### [DATASET EXCERPTS]

----------------------------------------

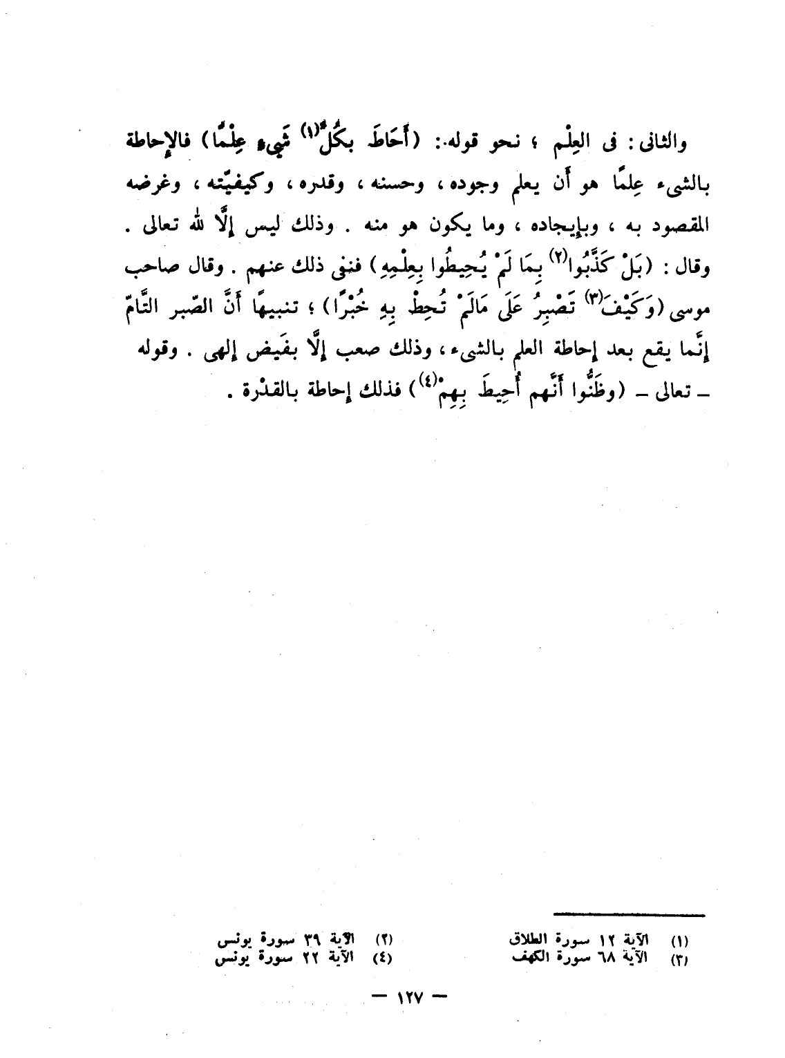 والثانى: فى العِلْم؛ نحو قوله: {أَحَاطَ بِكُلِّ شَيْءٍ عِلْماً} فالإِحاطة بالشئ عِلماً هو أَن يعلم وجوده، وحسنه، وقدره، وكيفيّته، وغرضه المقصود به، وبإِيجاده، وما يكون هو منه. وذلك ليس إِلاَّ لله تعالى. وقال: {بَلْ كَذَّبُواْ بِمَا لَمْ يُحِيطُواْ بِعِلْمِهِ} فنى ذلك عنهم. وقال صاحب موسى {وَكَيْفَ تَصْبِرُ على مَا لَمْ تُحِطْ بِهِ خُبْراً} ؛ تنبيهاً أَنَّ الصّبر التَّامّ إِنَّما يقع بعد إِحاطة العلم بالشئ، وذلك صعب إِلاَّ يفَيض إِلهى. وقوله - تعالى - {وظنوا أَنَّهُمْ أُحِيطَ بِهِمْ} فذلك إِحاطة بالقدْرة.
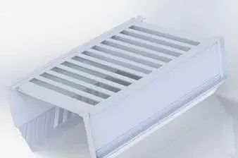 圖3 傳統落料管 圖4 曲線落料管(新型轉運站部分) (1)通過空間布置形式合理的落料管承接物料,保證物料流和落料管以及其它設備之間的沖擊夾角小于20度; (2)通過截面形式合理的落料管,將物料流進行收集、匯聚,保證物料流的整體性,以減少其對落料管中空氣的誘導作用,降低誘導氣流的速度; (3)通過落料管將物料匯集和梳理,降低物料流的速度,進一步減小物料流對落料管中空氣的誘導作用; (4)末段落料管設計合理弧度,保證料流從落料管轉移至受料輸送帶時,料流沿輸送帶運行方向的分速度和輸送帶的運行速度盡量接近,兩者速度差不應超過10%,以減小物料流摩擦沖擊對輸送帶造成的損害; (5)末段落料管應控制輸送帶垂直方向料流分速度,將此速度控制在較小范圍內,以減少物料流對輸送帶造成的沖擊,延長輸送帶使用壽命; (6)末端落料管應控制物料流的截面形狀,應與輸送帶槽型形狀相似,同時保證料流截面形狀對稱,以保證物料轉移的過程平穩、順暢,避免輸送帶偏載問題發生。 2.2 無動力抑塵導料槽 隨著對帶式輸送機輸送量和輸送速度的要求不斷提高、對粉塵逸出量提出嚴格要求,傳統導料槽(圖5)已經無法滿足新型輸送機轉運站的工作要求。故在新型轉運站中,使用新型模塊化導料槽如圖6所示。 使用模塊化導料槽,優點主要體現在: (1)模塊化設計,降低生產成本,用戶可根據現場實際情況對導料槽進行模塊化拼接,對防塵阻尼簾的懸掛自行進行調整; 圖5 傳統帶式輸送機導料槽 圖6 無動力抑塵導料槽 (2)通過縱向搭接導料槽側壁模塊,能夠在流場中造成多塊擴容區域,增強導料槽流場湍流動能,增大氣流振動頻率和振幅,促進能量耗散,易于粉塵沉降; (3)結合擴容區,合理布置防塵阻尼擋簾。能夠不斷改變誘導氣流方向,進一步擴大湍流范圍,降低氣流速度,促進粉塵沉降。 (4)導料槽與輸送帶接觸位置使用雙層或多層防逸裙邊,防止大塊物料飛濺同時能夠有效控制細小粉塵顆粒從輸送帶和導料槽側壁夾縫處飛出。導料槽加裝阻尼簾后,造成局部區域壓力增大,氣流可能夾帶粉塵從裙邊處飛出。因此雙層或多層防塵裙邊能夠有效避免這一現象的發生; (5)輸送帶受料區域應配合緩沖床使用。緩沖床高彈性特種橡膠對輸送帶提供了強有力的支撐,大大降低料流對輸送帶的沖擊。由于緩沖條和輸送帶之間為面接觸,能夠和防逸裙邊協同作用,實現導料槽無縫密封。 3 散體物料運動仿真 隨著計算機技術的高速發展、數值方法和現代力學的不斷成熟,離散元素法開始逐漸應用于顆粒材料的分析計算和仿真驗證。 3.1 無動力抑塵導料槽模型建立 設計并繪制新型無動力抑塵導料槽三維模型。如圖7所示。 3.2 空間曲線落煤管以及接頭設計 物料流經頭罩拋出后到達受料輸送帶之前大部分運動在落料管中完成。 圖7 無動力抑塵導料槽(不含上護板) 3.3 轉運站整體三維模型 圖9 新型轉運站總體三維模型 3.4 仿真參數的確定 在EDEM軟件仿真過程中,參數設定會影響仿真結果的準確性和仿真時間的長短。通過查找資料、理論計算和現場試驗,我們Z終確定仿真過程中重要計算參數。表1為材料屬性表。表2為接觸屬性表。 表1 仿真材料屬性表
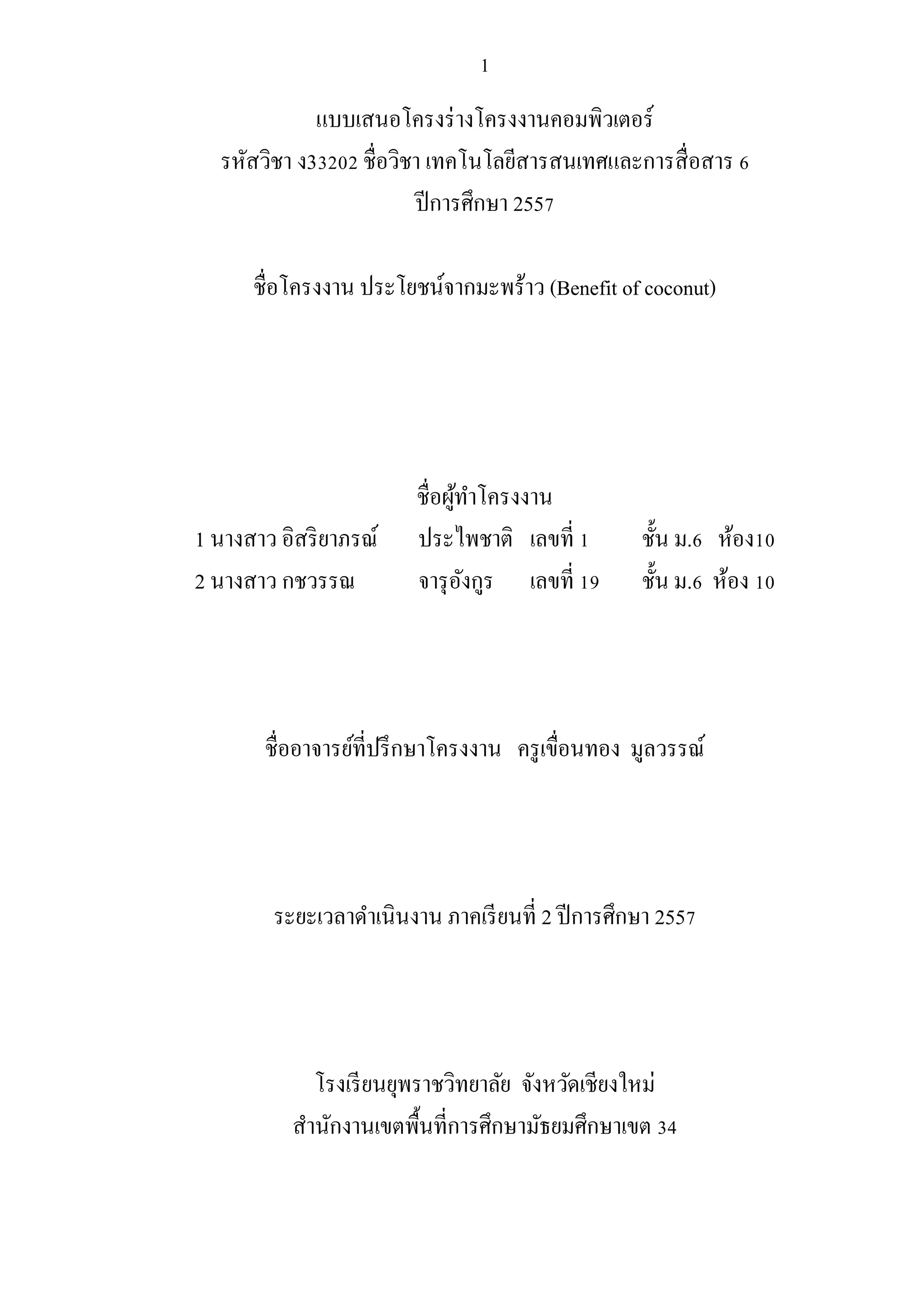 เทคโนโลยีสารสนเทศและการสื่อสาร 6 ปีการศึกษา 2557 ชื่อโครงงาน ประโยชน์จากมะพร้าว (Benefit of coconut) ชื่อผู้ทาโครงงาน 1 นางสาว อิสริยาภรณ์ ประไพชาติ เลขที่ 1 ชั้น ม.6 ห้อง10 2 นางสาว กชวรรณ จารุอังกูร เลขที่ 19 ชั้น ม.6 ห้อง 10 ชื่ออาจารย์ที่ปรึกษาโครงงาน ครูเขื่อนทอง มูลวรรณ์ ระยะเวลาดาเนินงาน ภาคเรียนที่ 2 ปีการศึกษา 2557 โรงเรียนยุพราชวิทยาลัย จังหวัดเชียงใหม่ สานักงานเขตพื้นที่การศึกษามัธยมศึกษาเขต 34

----------------------------------------

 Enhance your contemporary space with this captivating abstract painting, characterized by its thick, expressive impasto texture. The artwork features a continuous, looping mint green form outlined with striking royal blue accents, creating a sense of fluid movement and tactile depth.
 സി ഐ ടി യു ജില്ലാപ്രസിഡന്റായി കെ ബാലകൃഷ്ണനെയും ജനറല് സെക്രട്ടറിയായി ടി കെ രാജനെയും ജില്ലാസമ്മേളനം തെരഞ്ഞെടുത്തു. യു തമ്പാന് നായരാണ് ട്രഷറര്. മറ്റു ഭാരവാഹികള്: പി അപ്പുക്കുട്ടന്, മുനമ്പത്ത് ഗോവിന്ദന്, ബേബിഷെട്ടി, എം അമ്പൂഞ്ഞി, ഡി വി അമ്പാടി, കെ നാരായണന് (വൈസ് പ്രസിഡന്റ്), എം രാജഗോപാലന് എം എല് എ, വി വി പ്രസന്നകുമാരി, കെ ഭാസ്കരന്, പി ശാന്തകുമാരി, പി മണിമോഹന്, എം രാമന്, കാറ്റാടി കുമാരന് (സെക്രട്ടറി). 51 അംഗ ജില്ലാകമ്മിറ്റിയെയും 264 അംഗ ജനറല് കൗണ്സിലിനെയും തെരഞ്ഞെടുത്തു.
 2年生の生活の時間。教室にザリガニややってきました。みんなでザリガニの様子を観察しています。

----------------------------------------

### [EXERCISE DETAILS]
Could you restate, word for word, the lines above from the one with "Enhance your contemporary" to the one with "2年生の生活の時間。教室にザ", both included?

### [EXERCISE RESPONSE]
 Enhance your contemporary space with this captivating abstract painting, characterized by its thick, expressive impasto texture. The artwork features a continuous, looping mint green form outlined with striking royal blue accents, creating a sense of fluid movement and tactile depth.
 സി ഐ ടി യു ജില്ലാപ്രസിഡന്റായി കെ ബാലകൃഷ്ണനെയും ജനറല് സെക്രട്ടറിയായി ടി കെ രാജനെയും ജില്ലാസമ്മേളനം തെരഞ്ഞെടുത്തു. യു തമ്പാന് നായരാണ് ട്രഷറര്. മറ്റു ഭാരവാഹികള്: പി അപ്പുക്കുട്ടന്, മുനമ്പത്ത് ഗോവിന്ദന്, ബേബിഷെട്ടി, എം അമ്പൂഞ്ഞി, ഡി വി അമ്പാടി, കെ നാരായണന് (വൈസ് പ്രസിഡന്റ്), എം രാജഗോപാലന് എം എല് എ, വി വി പ്രസന്നകുമാരി, കെ ഭാസ്കരന്, പി ശാന്തകുമാരി, പി മണിമോഹന്, എം രാമന്, കാറ്റാടി കുമാരന് (സെക്രട്ടറി). 51 അംഗ ജില്ലാകമ്മിറ്റിയെയും 264 അംഗ ജനറല് കൗണ്സിലിനെയും തെരഞ്ഞെടുത്തു.
 2年生の生活の時間。教室にザリガニややってきました。みんなでザリガニの様子を観察しています。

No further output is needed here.